Momen indah yang diabadikan lewat hari raya Idul Adha ini memiliki hikmah yang mendalam mengenai makna cinta sejati bagi manusia. Cinta dan kehidupan adalah dua hal yang tak terpisahkan karena cinta merupakan anugerah kehidupan dari sang pemilik cinta, Ar-Rahman. Cinta berkembang seiring berjalannya kehidupan dan menjadi motivasi bagi manusia dalam menjalani kehidupan. Itulah sunnatullah dan fitrah yang ditetapkan bagi manusia. Setiap manusia memiliki kencintaan terhadap dunia, berupa harta, wanita, anak-anak dan berbagai atribut keduniaan lainnya. Allah Subhanahu Wa Ta’ala berfirman :
“Dijadikan indah pada (pandangan) manusia kecintaan kepada apa-apa yang diingini, yaitu: wanita-wanita, anak-anak, harta yang banyak dari jenis emas, perak, kuda pilihan, binatang-binatang ternak dan sawah ladang. Itulah kesenangan hidup di dunia dan di sisi Allah-lah tempat kembali yang baik (surga).” (QS Ali Imran :14).

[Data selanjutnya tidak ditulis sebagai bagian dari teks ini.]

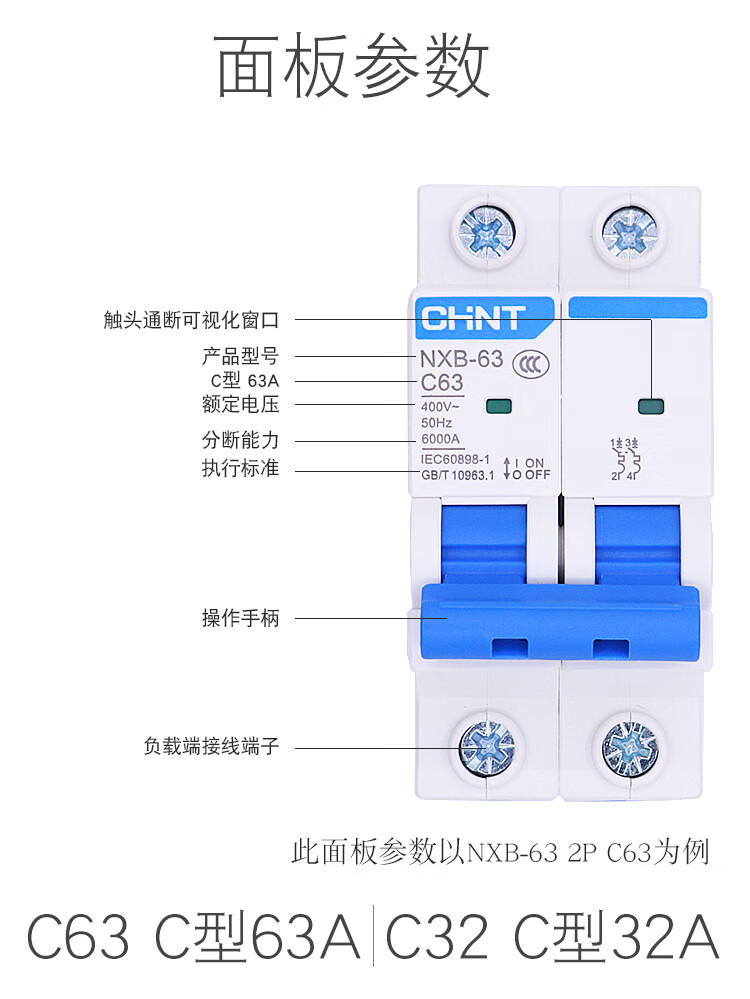 Chint (CHNT) overload air switch NXB-63-2P-C32 small circuit breaker 32A
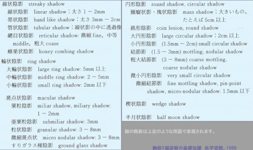 線状影・輪状影・網状影・蜂窩肺・すりガラス状影など
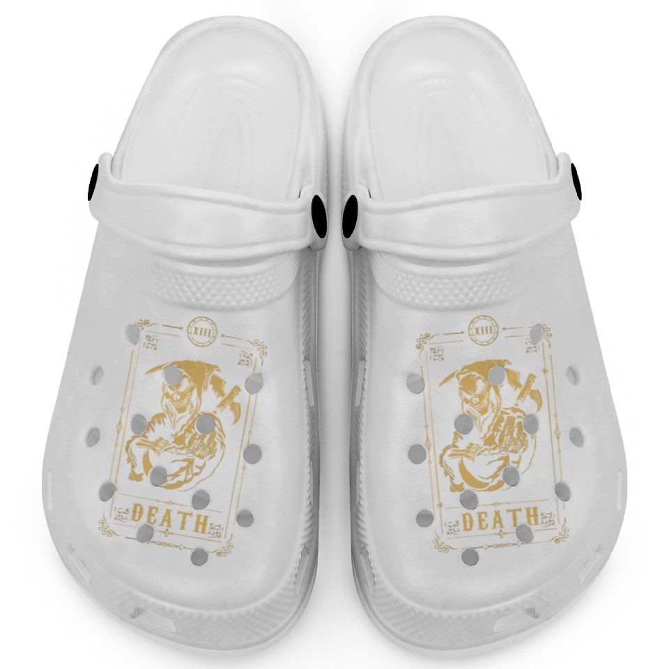 You are viewing one of the trendiest products Scythe Skeleton Tarot Card Halloween Clogs For Kids WHITE belong theme Clogs at Printblur
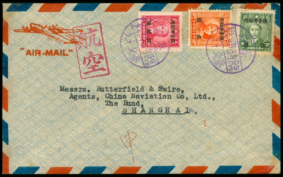 1946 Taiwan airmail cover to Shanghai bearing overprinted issues tied with a special purple "Temporary Post Office"cancellation

Telah kita ketahui bahwa kehidupan di dunia hanya sementara bahkan digambarkan di dalam Al Qur'an sebagai permainan belaka. Lihatlah ungkapan Imam Hasal Al Bashri tentang dunia : “Dunia seakan menjelma menjadi permaisuri impian. Tatapan mata tertuju kepadanya, jiwa gandrung terhadapnya, hati takluk dan bertekuk lutut dihadapannya. Padahal, dunia akan menikam dan membunuh siapapun yang mempersuntingnya.”

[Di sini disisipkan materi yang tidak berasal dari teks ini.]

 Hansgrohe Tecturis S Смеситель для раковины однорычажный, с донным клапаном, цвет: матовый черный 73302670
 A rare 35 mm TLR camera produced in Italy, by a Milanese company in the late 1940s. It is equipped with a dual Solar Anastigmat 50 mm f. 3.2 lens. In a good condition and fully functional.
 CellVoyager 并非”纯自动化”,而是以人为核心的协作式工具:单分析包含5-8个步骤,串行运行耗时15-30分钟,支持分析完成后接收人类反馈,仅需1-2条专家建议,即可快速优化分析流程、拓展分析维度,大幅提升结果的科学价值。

Maka cinta sejati tentunya bukanlah terletak pada kecintaan kepada dunia yang sifatnya semu dan sementara melainkan terletak pada kecintaan kepada Allah, sang pemilik cinta. Dari-Nya cinta berawal, terus tercurah dan tak ternilai jumlahnya. Cinta yang tak pernah berujung hingga pada kebahagiaan yang abadi di akhirat. Sebagaimana kenikmatan tertinggi di syurga kelak di kala peduduknya diperkenankan bertemu dan menatap Allah secara langsung.

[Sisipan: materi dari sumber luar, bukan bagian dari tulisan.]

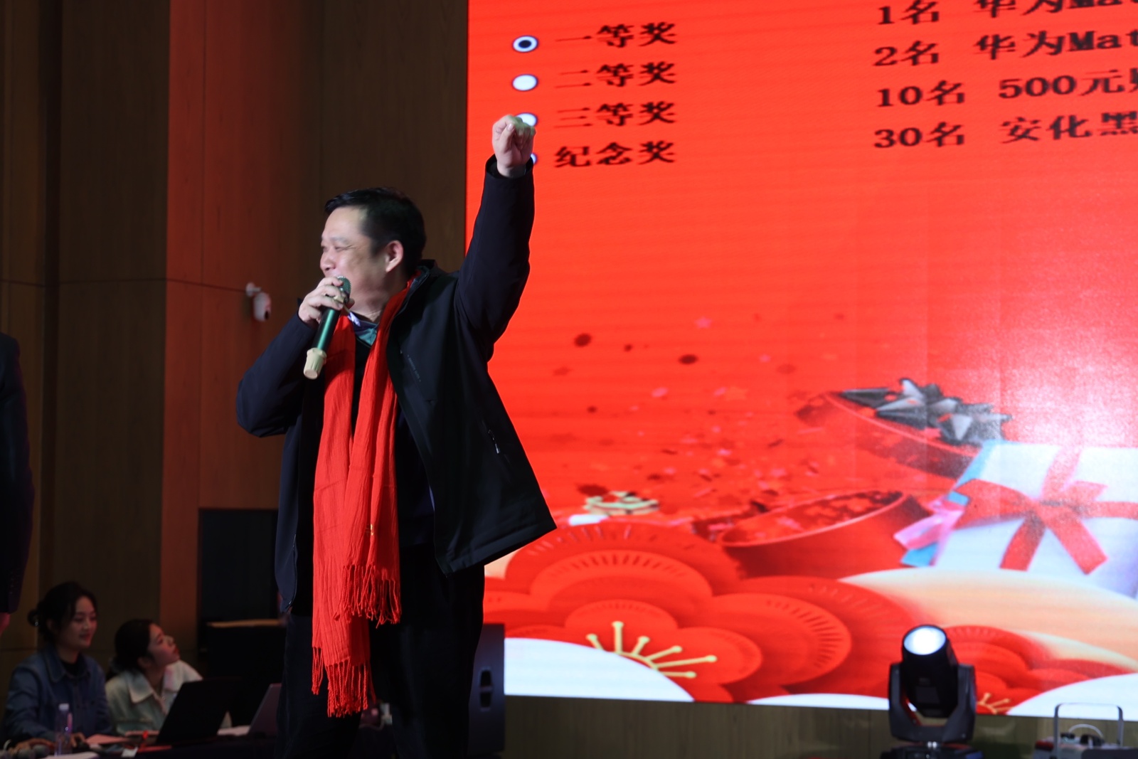 隨后,全體人員歡聚一堂,觀看了由公司員工組織的文藝匯演。 伴隨著鼓舞的熱鬧開場,2024年新春年會文藝匯演在歡樂的氛圍中正式拉開帷幕。整臺晚會內容豐富,精彩紛呈,歌曲、舞蹈等一個個節(jié)目銜接緊湊,燈光、音響配合完美。最激動人心的是穿插在節(jié)目表演過程中一、二、三等獎及紀念獎的抽取活動,將現(xiàn)場氣氛一次次推向高潮,幸運的員工獲得了公司精心準備的華為手機、購物卡、安化黑茶、紅包雨等禮物。整個現(xiàn)場氣氛熱烈、歡快,大家頻頻舉杯,相互祝愿。

Cinta pada dunia sejatinya merupakan sarana untuk menggapai cinta Allah, cinta yang sejati. Menggapai cinta Allah bukanlah mengabaikan kecintaan kepada dunia karena itu adalah fitrah manusia. Maka nabi dan rasul pun seperti manusia lainnya, menikahi wanita,memiliki keturunan, dan mencari nafkah keluarga bagi mereka. Akan tetapi kecintaan kepada dunia bukanlah segala-galanya bagi mereka karena cinta yang sejati adalah cinta kepada Rabbnya. Mereka jadikan kecintaan kepada dunia sebagai sarana untuk menghambakan diri secara total kepada Allah yang merupakan bukti kesungguhan mereka dalam menggapai cinta Allah.
Sejarah telah mencatat kisah para pendamba cinta sejati dari Allah. Sepanjang hidup, mereka senantiasa menghambakan diri kepada Allah yang merupakan wujud cinta mereka kepada Allah, Telah tercatat pula kisah para pecinta dunia termasuk para penentang nabi dan rasul yang kecintaannya kepada dunia sangat berlebihan bahkan menuhankan dunia. Maka kita pun sama-sama menyaksikan bagaimana kehidupan mereka berujung. Para pecinta dunia tak mendapat sesuatu apa pun bahkan berujung kesengsaraan sementara orang-orang yang senantiasa mendambakan cinta dari Allah akan mendapatkan cinta sejati yang berujung pada kebahagiaan abadi.